What the task asks
Write all of the entries out again exactly, but not the images.

-.-.-

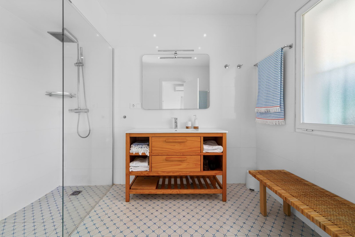 The property offers five spacious bedrooms, three of which feature large sliding doors that open onto the lush garden, seamlessly blending indoor and outdoor living. All bathrooms have been tastefully renovated and are equipped with showers, providing a modern and exclusive feel.
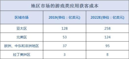 当然,大投入量也意味着获客成本增加。其中,亚太区手游用户的获客成本是全球最高,北美区排在第二,随后是欧洲、中东、非洲地区和拉丁美洲区。
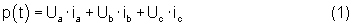 где p(t) – мгновенная мощность трех фаз линии;
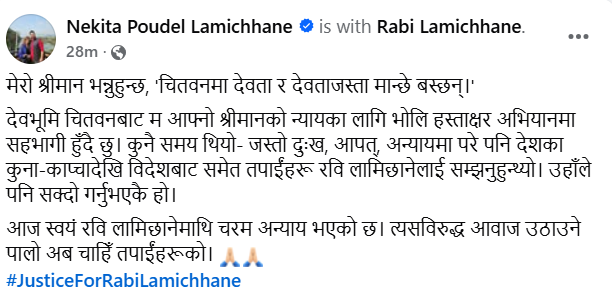 निकिताले लेखेकी छिन्, “मेरो श्रीमान् भन्नुहुन्छ– चितवनमा देवता र देवताजस्ता मान्छे बस्छन्। देवभूमि चितवनबाट म आफ्नै श्रीमान्को न्यायका लागि भोलि हस्ताक्षर अभियानमा सहभागी हुँदैछु।”
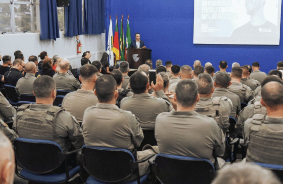 No auditório do prédio Azul da Instituição, no Câmpus II, integrantes da Brigada Militar, Polícia Civil, Corpo de Bombeiros Militar, Guarda Municipal, estudantes de Psicologia e agentes patrimoniais da Feevale ouviram a palestra sobre abordagem humanizada e tentativas de suicídio, do coronel Diógenes Martins Munhoz, do Corpo de Bombeiros de São Paulo.

-.-.-

Written solution
 The property offers five spacious bedrooms, three of which feature large sliding doors that open onto the lush garden, seamlessly blending indoor and outdoor living. All bathrooms have been tastefully renovated and are equipped with showers, providing a modern and exclusive feel.
 当然,大投入量也意味着获客成本增加。其中,亚太区手游用户的获客成本是全球最高,北美区排在第二,随后是欧洲、中东、非洲地区和拉丁美洲区。
 где p(t) – мгновенная мощность трех фаз линии;
 निकिताले लेखेकी छिन्, “मेरो श्रीमान् भन्नुहुन्छ– चितवनमा देवता र देवताजस्ता मान्छे बस्छन्। देवभूमि चितवनबाट म आफ्नै श्रीमान्को न्यायका लागि भोलि हस्ताक्षर अभियानमा सहभागी हुँदैछु।”
 No auditório do prédio Azul da Instituição, no Câmpus II, integrantes da Brigada Militar, Polícia Civil, Corpo de Bombeiros Militar, Guarda Municipal, estudantes de Psicologia e agentes patrimoniais da Feevale ouviram a palestra sobre abordagem humanizada e tentativas de suicídio, do coronel Diógenes Martins Munhoz, do Corpo de Bombeiros de São Paulo.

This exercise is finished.